• **Assignment**
Write out exactly the lines from the one with "Activities in the gym" through the last line of the data below, but not the pictures.

• **Extracted information**
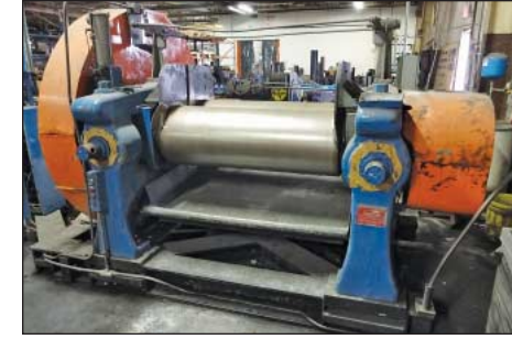
41" x 17" Approx. Farrell Two-Roll Rubber Mill
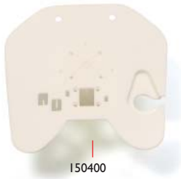
150400 Lung plate
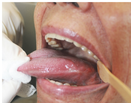
FIGURE 11: Postoperative month 18.

Hausamen [12], for 3 years, successfully treated several diseases of the oral cavity, including hemangioma, leukoplakia, and squamous cell carcinoma. In agreement with the results obtained and reported in the literature [2, 13–15], in
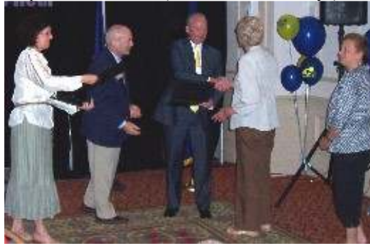
Literacy Award presentations
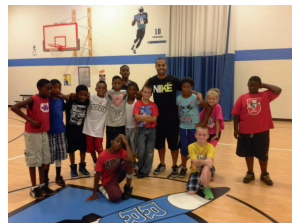
Activities in the gym
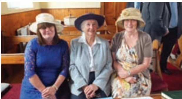
Slavin & Belleek ladies with their hats on for the Queen's birthday

• **Output of the exercise**
Activities in the gym
Slavin & Belleek ladies with their hats on for the Queen's birthday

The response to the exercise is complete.